Using the entries that follow, transcribe only the lines from the line with "Odvojite belanca od" to the line with "21일 마켓포인트에 따르면", both included, exactly as they stand and without pictures.

(RECORDS TO USE)
============================================================

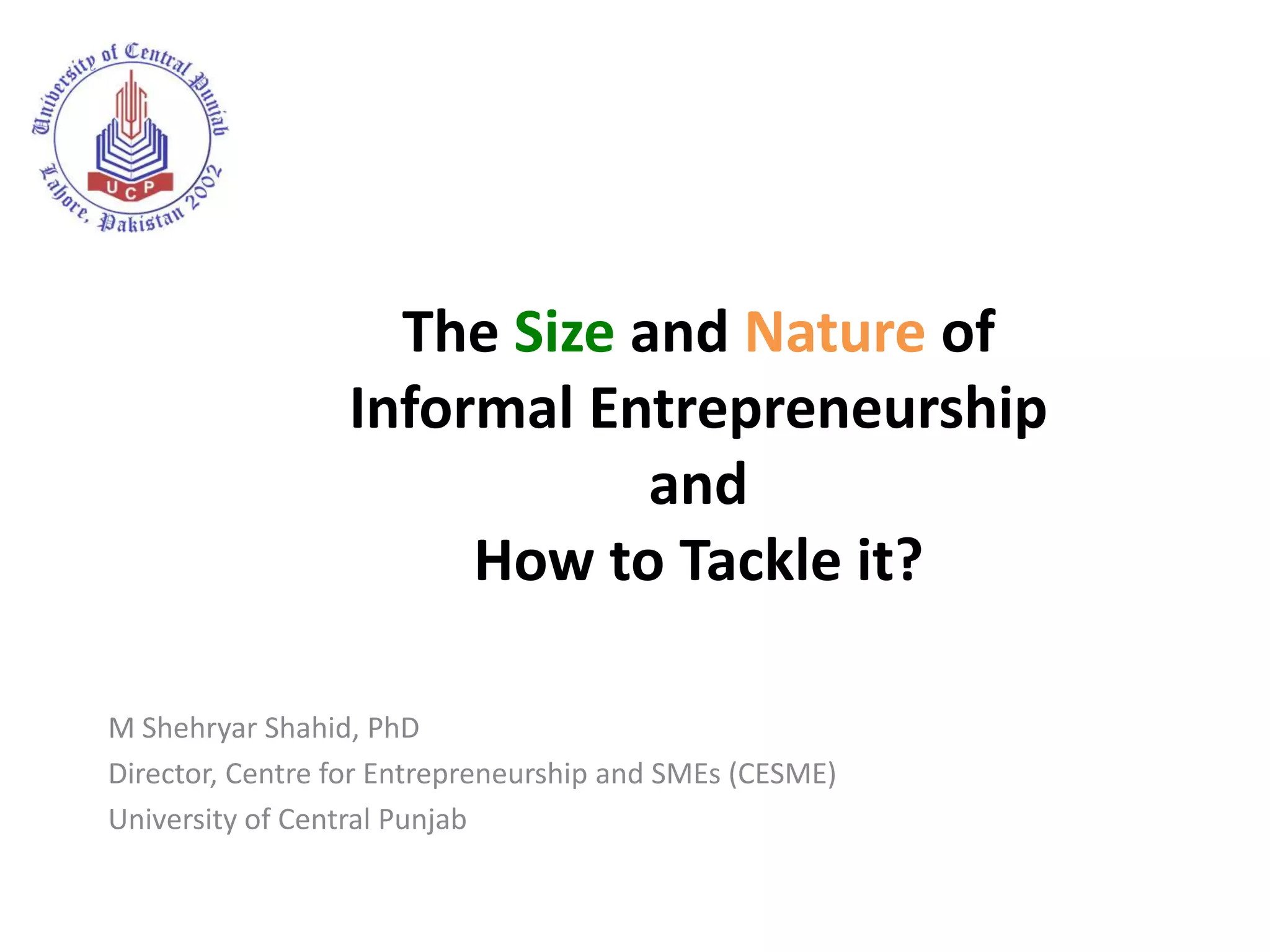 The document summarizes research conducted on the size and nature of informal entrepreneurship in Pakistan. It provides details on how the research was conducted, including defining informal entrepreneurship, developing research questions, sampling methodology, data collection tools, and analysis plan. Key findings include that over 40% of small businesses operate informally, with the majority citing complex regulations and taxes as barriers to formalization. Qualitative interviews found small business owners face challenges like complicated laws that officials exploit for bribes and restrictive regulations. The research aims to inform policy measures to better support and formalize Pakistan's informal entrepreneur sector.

============================================================

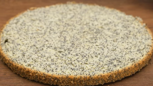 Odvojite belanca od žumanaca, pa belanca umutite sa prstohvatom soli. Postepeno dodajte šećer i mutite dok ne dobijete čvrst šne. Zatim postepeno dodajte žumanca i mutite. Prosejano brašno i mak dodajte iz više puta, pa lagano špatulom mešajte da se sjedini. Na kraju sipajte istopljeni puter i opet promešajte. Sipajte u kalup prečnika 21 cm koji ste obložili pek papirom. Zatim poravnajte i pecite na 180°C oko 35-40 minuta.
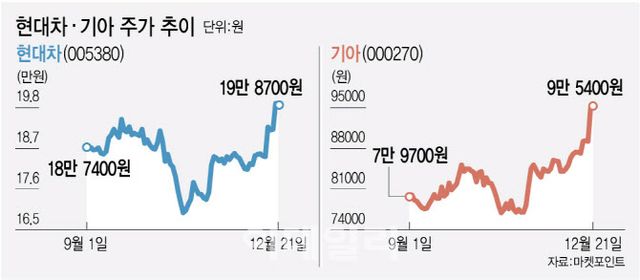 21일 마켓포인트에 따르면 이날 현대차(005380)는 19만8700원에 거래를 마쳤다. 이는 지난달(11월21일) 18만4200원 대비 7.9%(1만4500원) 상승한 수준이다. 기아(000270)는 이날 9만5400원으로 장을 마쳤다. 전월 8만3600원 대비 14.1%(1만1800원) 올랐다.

============================================================

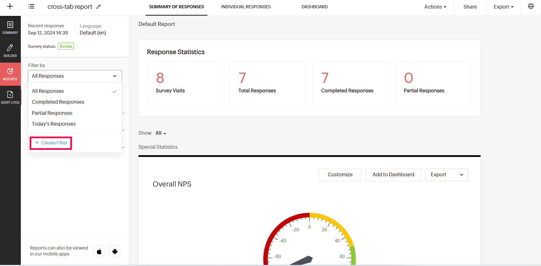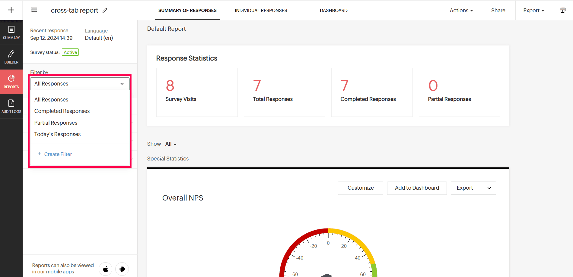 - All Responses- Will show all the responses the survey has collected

============================================================

(SOLUTION)
 Odvojite belanca od žumanaca, pa belanca umutite sa prstohvatom soli. Postepeno dodajte šećer i mutite dok ne dobijete čvrst šne. Zatim postepeno dodajte žumanca i mutite. Prosejano brašno i mak dodajte iz više puta, pa lagano špatulom mešajte da se sjedini. Na kraju sipajte istopljeni puter i opet promešajte. Sipajte u kalup prečnika 21 cm koji ste obložili pek papirom. Zatim poravnajte i pecite na 180°C oko 35-40 minuta.
 21일 마켓포인트에 따르면 이날 현대차(005380)는 19만8700원에 거래를 마쳤다. 이는 지난달(11월21일) 18만4200원 대비 7.9%(1만4500원) 상승한 수준이다. 기아(000270)는 이날 9만5400원으로 장을 마쳤다. 전월 8만3600원 대비 14.1%(1만1800원) 올랐다.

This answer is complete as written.